Monday, February 13, 2012

An Unusual Mission in Vermont Media

When I graduated from college, I was afraid. Afraid I was going to have to choose a single medium for my storytelling career. Instead of choosing, I combined my skills with those of a fellow storyteller, my dad. We looked at modern day media and realized that most “news” is filled with negative stories. Our mission: let’s bring positive stories to TV, radio, newspaper, and the internet.

Sounds simple. Now what? Well, we started with our location: Vermont. We ended up with a plan to tell a story from Vermont’s history, every day. The stories were funny, sad, historical, or quirky…and there were a lot of stories. (365 stories per year and 366 on leap year, to be exact.)

The program, “The Vermont Book Of Days,” was designed as a vignette. We put together demo kits and presented them to Vermont media outlets. And we had the naïveté to think that the outlets would pay for content that was meaningful to the audience. Nope.

One year after our first demo kits were distributed, we launched the program. It took almost one year before we had our media network. “The Vermont Book Of Days” would air three times per day on Vermont’s National Public Television affiliate, three times per day in a network of 11 radio stations, in four newspapers, and on our website www.vtbookofdays.com.
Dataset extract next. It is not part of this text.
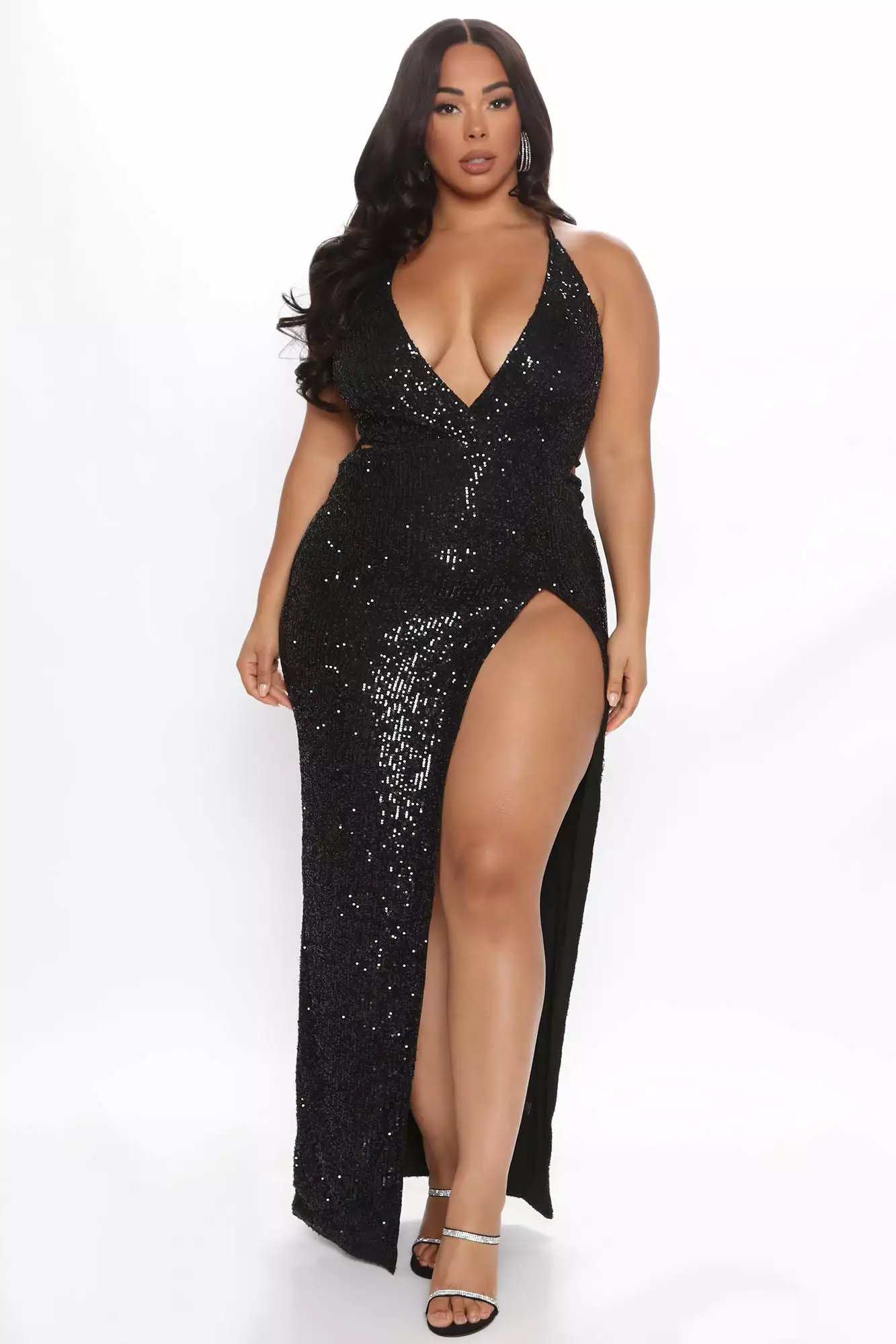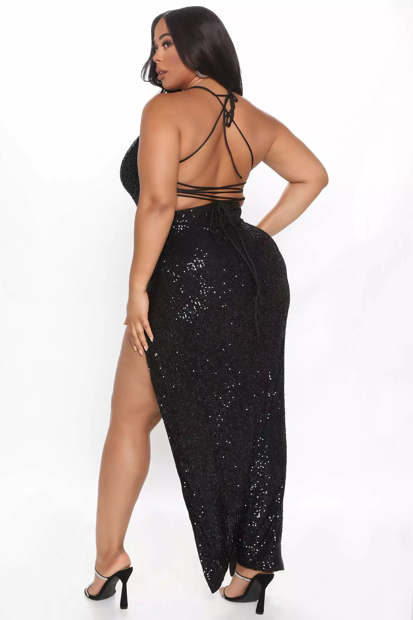 Fashion Nova Jaw Dropping Sequin Maxi Dress – Black

The stations and newspapers weren’t paying us for the content, but they did air the program at specific, high-volume or targeted audience times. We redesigned the program with sponsorship pods, so we could find program sponsors who would benefit from affiliation with the program content in these media outlets.

The program, the sponsors, the media outlets, and Vermonters all benefited from the multi-media nature of the program. The stories were powerful, and each medium brought a different element. Television, for example, brought viewers on-location with live footage and newspapers gave the audience unlimited time to study historic or current photos.

A few things I learned:

1. Some media outlets will immediately recognize content that’s going to resonate with its audience. Others will need to have that proven to them. A very few either don’t know, don’t care, or don’t have the ability to step outside the pre-determined content box.

2. Vermont is rural. (Okay, I knew that.) But I expected this to naturally lead to collaboration amongst media outlets, since there aren’t many of them and they face similar challenges of trying to survive in rural America. I did find collaboration, but I also encountered fierce competition. The most surprising element to me was that the competition varied primarily (though not always) according to medium. Print: cut-throat. Radio: teamwork. Certain TV stations: cut-throat; other TV stations: teamwork.

A few things I knew that were confirmed:

1. “The Vermont Book Of Days” was created for Vermonters and it resonated with Vermonters. The program ran for more than six years and, due to popular demand, we published a full-color, hard-cover compendium of stories which sold more than 1,000 copies in the first 10 days of release.

2. Much media in Vermont is put together by very hard-working people, working too many hours for too few dollars, working miracles with limited resources. To these storytellers, information gatherers, and pillars of community – thank you.

The demands of “The Vermont Book Of Days” were many. A two-person crew to research, write, film, produce, edit, and deliver daily stories for TV, radio, newspaper, and the web is not a small task. But the gifts of “The Vermont Book Of Days” were also many. Vermont is an amazing place, and I’m grateful to have shared some of her stories filled with some of her people.